Look through the material below and copy every line containing the word "Comune".

[[ PROVIDED DATA, beginning ]]

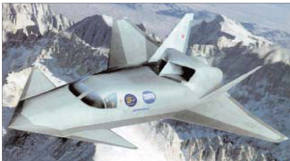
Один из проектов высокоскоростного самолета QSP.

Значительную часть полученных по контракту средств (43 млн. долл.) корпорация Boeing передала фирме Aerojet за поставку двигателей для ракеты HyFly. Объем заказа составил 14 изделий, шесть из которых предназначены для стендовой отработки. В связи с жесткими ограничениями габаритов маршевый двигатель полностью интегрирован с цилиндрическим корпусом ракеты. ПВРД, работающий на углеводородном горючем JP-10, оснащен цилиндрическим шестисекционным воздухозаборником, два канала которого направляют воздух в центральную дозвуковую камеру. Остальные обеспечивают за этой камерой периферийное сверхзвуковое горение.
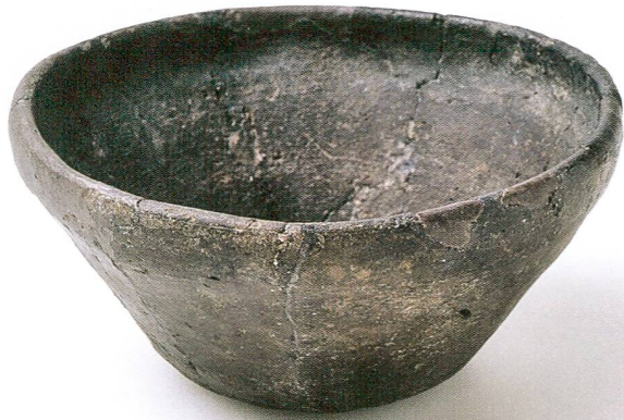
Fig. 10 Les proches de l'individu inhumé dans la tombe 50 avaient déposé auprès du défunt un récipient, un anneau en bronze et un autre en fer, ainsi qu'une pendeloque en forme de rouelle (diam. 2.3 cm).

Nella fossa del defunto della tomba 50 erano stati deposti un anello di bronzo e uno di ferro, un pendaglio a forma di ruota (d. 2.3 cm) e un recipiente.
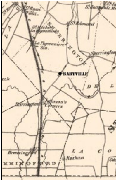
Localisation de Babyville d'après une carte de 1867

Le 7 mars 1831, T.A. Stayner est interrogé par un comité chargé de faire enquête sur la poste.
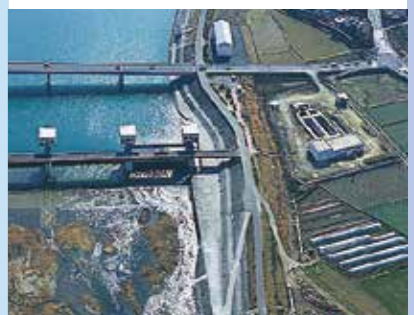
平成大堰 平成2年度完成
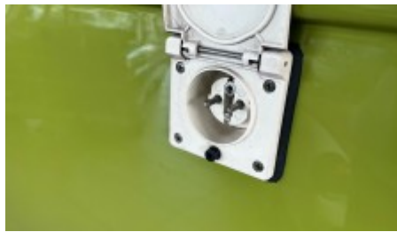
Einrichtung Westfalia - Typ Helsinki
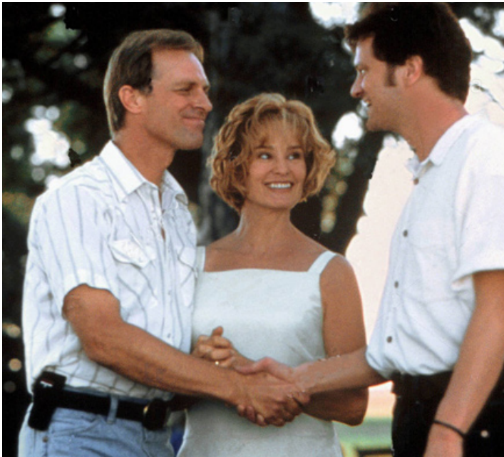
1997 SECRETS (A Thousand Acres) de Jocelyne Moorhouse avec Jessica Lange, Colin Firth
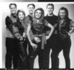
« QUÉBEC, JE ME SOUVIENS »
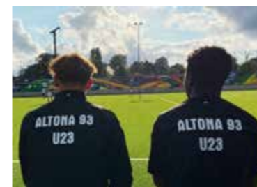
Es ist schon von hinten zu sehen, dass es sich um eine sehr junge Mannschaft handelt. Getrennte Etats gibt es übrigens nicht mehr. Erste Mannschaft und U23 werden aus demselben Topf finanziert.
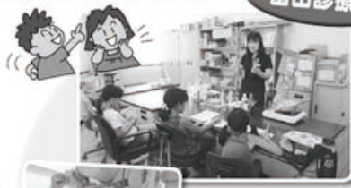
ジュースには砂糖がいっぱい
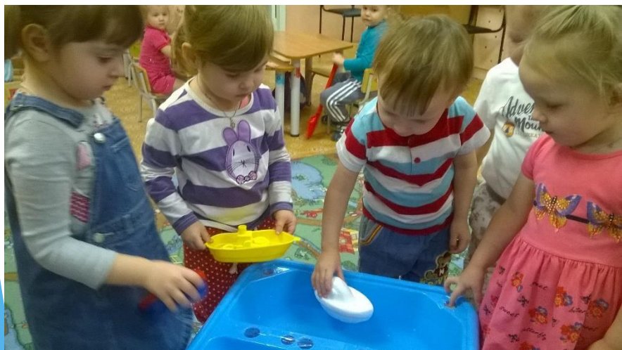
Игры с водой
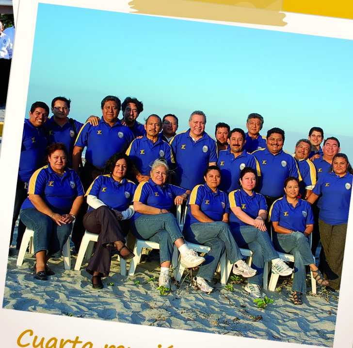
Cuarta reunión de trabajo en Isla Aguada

[[ PROVIDED DATA, end ]]
[[ PROVIDED DATA, beginning ]]

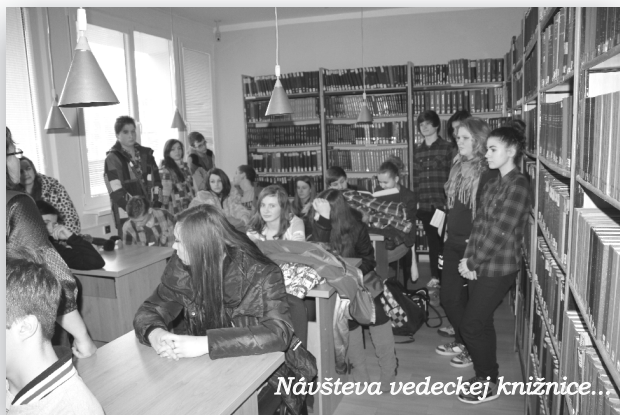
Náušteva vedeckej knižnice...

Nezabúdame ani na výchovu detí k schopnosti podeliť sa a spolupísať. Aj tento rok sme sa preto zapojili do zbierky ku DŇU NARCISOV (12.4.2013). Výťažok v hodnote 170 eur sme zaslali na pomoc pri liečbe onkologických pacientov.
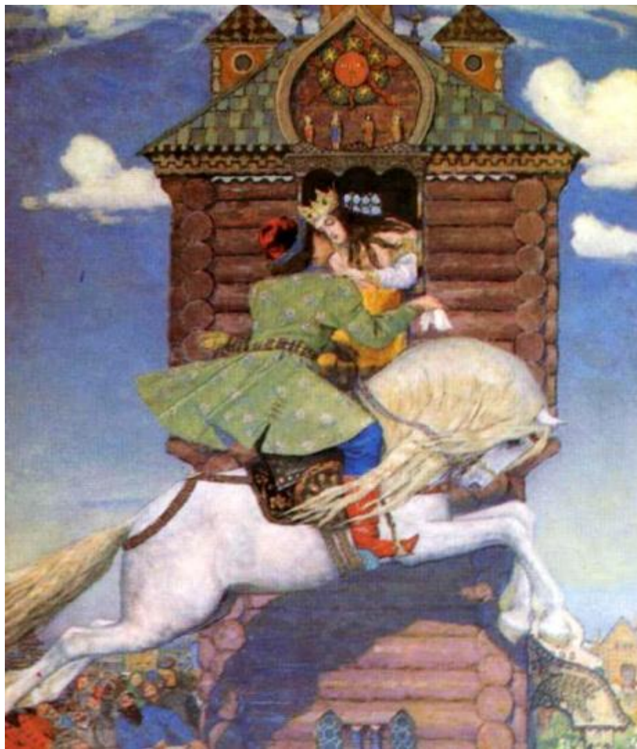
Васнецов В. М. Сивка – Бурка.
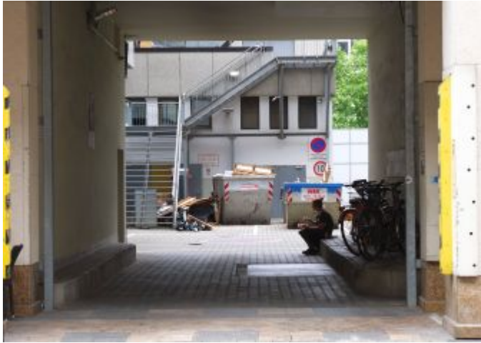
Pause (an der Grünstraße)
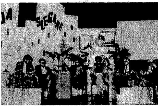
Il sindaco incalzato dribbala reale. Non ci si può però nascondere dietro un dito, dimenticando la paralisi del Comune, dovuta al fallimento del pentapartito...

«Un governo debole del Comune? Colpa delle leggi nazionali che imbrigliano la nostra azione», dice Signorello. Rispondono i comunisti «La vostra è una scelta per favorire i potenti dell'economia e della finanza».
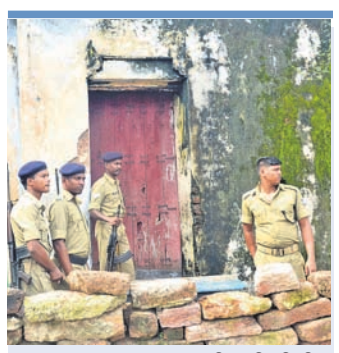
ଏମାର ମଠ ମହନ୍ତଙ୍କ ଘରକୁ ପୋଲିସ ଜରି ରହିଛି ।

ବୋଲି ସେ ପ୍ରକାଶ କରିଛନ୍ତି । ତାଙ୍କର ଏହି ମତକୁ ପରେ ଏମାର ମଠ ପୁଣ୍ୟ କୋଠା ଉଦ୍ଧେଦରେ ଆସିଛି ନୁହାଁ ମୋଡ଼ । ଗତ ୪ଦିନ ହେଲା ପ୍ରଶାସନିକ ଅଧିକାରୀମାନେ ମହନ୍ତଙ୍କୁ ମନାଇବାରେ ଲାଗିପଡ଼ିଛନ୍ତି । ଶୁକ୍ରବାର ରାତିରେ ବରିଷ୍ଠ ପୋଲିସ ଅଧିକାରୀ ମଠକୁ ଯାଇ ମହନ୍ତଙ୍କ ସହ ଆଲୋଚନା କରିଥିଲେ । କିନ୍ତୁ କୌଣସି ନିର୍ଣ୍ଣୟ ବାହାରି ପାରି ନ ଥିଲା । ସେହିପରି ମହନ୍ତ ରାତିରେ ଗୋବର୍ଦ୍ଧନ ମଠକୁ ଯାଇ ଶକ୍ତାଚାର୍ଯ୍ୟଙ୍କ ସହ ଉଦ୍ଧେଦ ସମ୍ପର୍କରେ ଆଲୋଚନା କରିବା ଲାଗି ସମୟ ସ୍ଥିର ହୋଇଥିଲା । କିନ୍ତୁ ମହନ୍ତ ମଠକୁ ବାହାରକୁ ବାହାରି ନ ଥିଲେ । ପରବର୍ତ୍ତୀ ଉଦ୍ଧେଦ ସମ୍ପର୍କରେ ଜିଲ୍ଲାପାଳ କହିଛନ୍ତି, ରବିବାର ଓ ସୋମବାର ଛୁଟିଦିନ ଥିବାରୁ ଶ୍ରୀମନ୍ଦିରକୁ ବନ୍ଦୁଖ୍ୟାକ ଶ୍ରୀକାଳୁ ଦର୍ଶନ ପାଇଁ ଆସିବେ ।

[[ PROVIDED DATA, end ]]
[[ PROVIDED DATA, beginning ]]

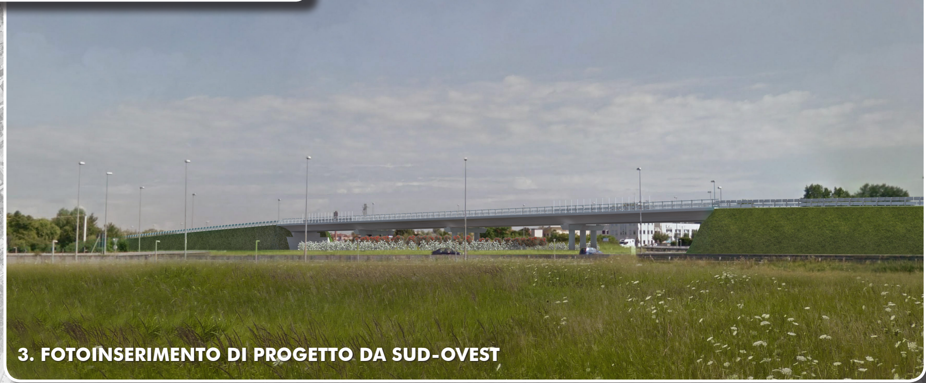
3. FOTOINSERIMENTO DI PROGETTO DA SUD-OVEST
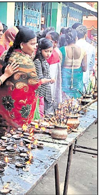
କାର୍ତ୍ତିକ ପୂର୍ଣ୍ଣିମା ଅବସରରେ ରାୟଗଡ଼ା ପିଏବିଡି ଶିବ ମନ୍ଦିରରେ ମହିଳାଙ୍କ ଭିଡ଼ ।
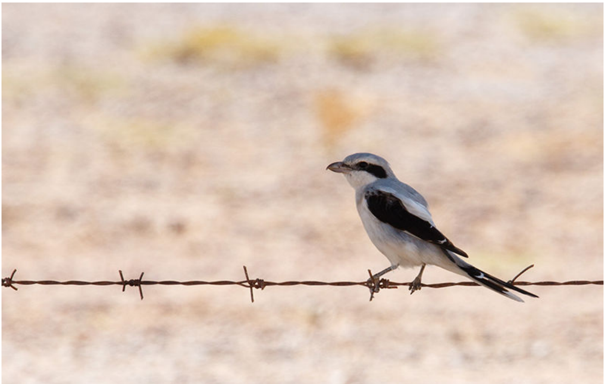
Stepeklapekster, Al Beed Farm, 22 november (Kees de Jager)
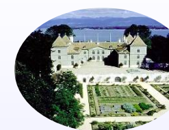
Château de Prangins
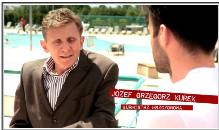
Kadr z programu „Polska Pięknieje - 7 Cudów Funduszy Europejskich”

[[ PROVIDED DATA, end ]]

• RESPONSE
Il sindaco incalzato dribbala reale. Non ci si può però nascondere dietro un dito, dimenticando la paralisi del Comune, dovuta al fallimento del pentapartito...
«Un governo debole del Comune? Colpa delle leggi nazionali che imbrigliano la nostra azione», dice Signorello. Rispondono i comunisti «La vostra è una scelta per favorire i potenti dell'economia e della finanza».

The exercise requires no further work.